Automated Progressive Learning for Efficient Training of Vision Transformers

Recent advances in vision Transformers (ViTs) have come with a voracious appetite for computing power, highlighting the urgent need to develop efficient training methods for ViTs. Progressive learning, a training scheme where the model capacity grows progressively during training, has started showing its ability in efficient training. In this paper, we take a practical step towards efficient training of ViTs by customizing and automating progressive learning. First, we develop a strong manual baseline for progressive learning of ViTs, by introducing momentum growth (MoGrow) to bridge the gap brought by model growth. Then, we propose automated progressive learning (AutoProg), an efficient training scheme that aims to achieve lossless acceleration by automatically increasing the training overload on-the-fly; this is achieved by adaptively deciding whether, where and how much should the model grow during progressive learning.

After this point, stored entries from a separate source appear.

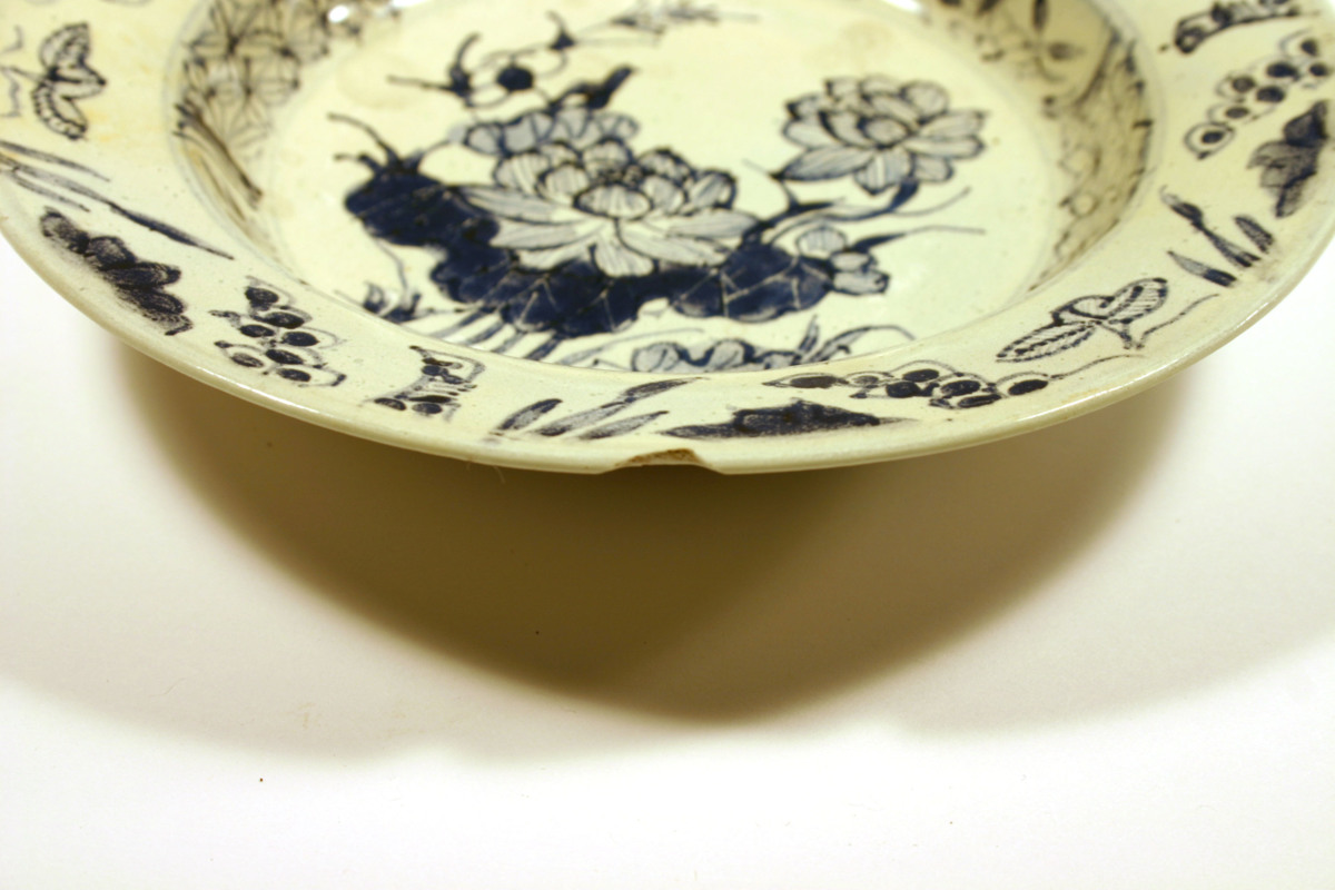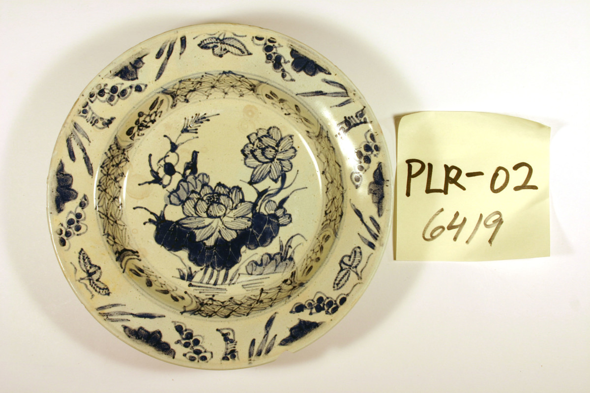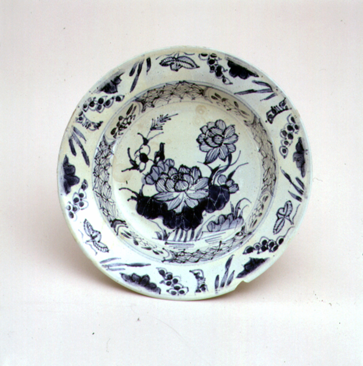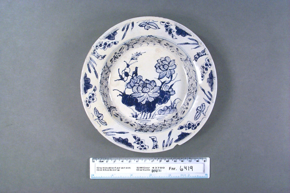 Kategori A; Underglasyrblå dekor; motiv: Mittmotivet lotusblommor, i kälningen en stjärnbård med blomreserver och runt brättet vindruvor och bambu. Kvistrankor på brättets baksida.
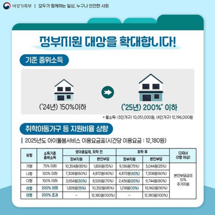 2025년도 아이돌봄서비스 이용요금표(시간당 이용요금: 12,180원)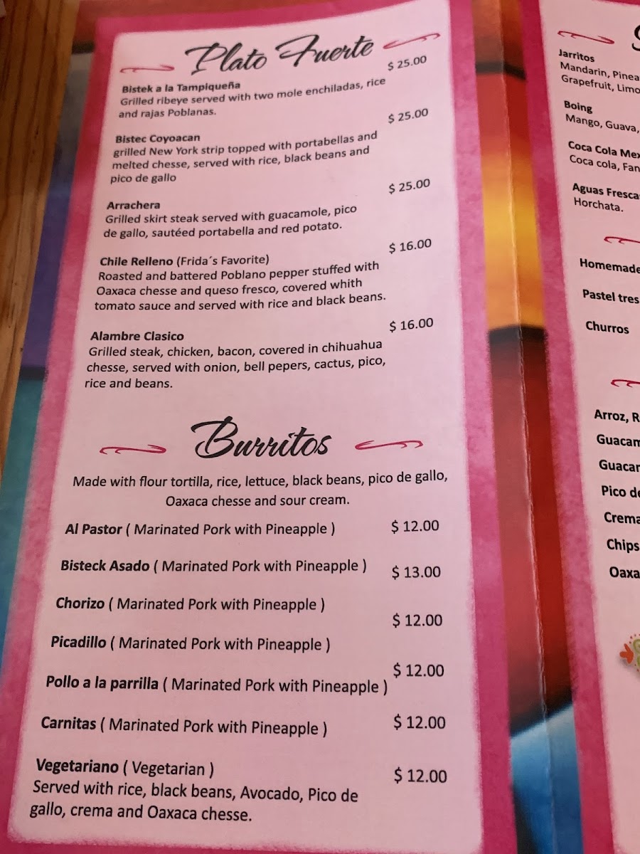 The drink selection is equally impressive, featuring an extensive array of mezcal and craft cocktails, with fan-favorite cantaritos delighting patrons. Guests can unwind with expertly crafted drinks like the Rosita, a delightful blend of Hornitos tequila and pomegranate juice. Decorated in an inviting style, the ambiance complements the delicious offerings, making each visit memorable. Whether you're indulging in takeout or dining in, Frida Cantina promises an unforgettable experience that celebrates the essence of Mexican culinary traditions.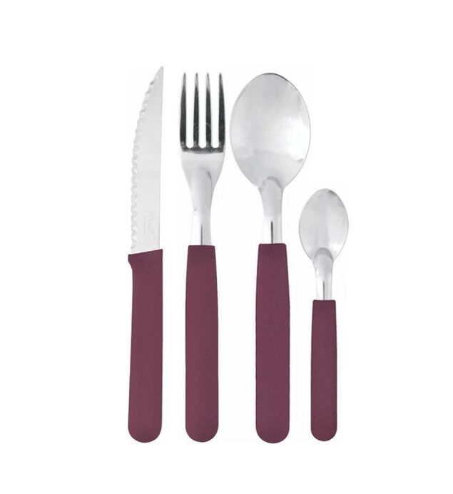 Incluye6 tenedores de acero inoxidable con mango plastico6 cucharas de acero inoxidable con mango plastico6 cuchillos filo laser de acero inoxidable con mango plastico6 cucharitas de te de acero inoxidable con mango plasticoFrasco de plastico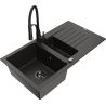 Mexen Matias granitā izlietne ar 1,5 kamerām, notecētāju un virtuves jaucējkrānu Aster, pelēks - 6502-71-73450-70-B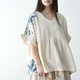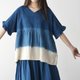 - 【手工藍染】 V領荷葉邊/寬鬆上衣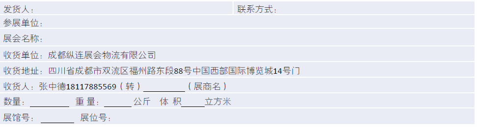 2、所有參展物品需在布展前三天運(yùn)到成都主城區(qū)。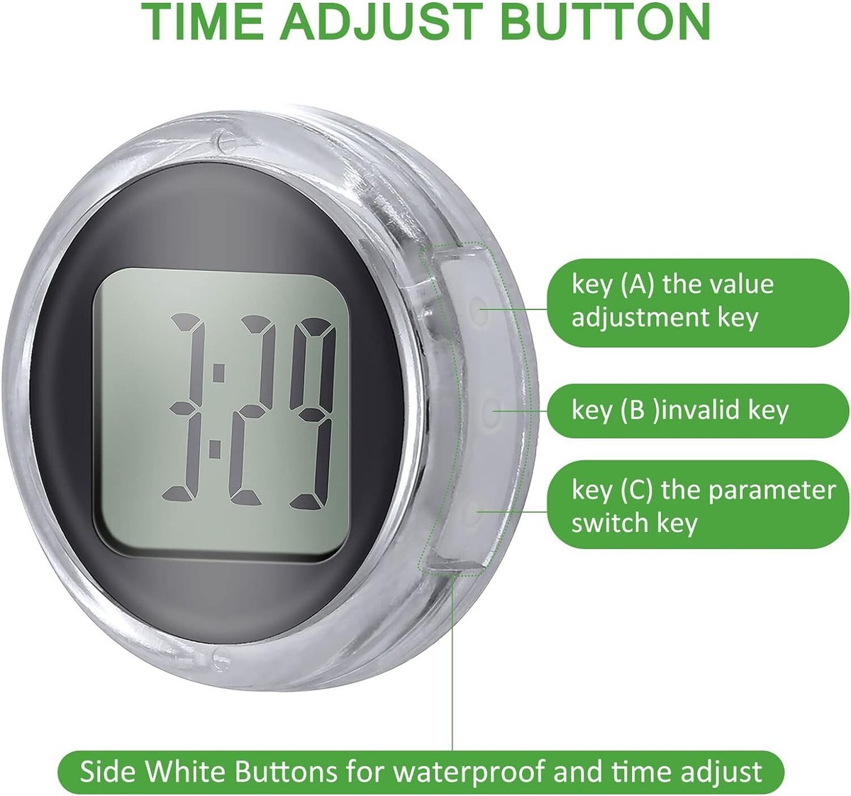 Praktisch und unauffällig - diese Mini-Digitaluhren sind die perfekte Lösung für Motorrad, Auto oder Werkstatt! Nur 2,7cm im Durchmesser, nehmen kaum Platz weg und sind trotzdem gut ablesbar. Zeigen Stunden und Minuten an - was will man mehr? Mit IP64 Wasserschutz hält sie auch mal einen Regenschauer aus. Die Batterie hält bis zu 1 Jahr - das nenne ich langlebig! Einfach mit den mitgelieferten 3M-Aufklebern befestigen - in Sekunden montiert. Wichtig: Den Seitengummi nicht beschädigen, sonst ist die Wasserdichtheit weg. Perfekt auch für Fahrräder, Büroschließfächer oder zu Hause. Im 2er-Set - eine fürs Motorrad, eine für die Werkstatt vielleicht? Super Preis für so viel praktischen Nutzen. Endlich immer die Uhrzeit im Blick, ohne dass es aufdringlich wirkt!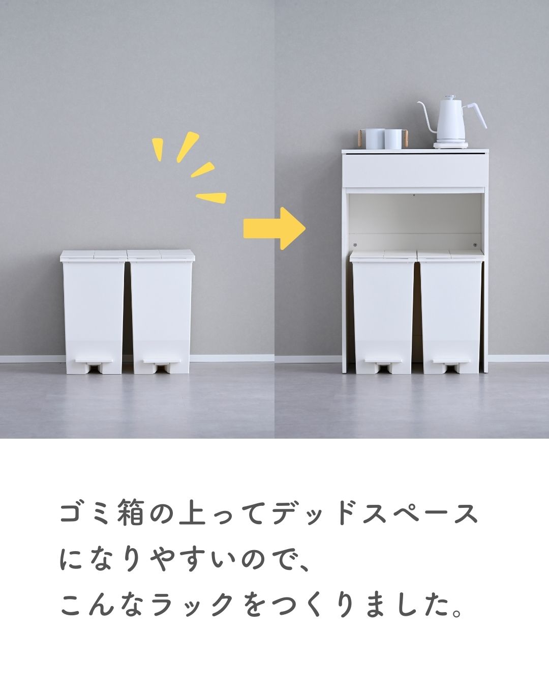●ゴミ箱置き場を収納や作業に使える収納ラック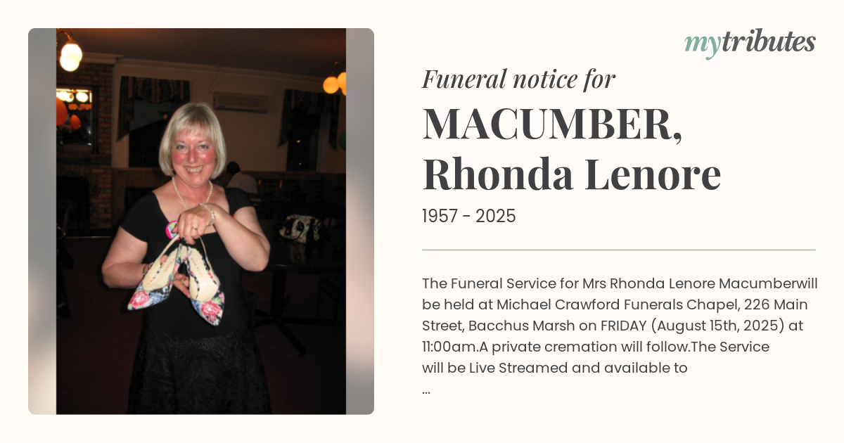 19°CThe Funeral Service for Mrs Rhonda Lenore Macumber

Specifically, we first relax the optimization of the growth schedule to sub-network architecture optimization problem, then propose one-shot estimation of the sub-network performance via an elastic supernet. The searching overhead is reduced to minimal by recycling the parameters of the supernet. Extensive experiments of efficient training on ImageNet with two representative ViT models, DeiT and VOLO, demonstrate that AutoProg can accelerate ViTs training by up to 85.1% with no performance drop.(1)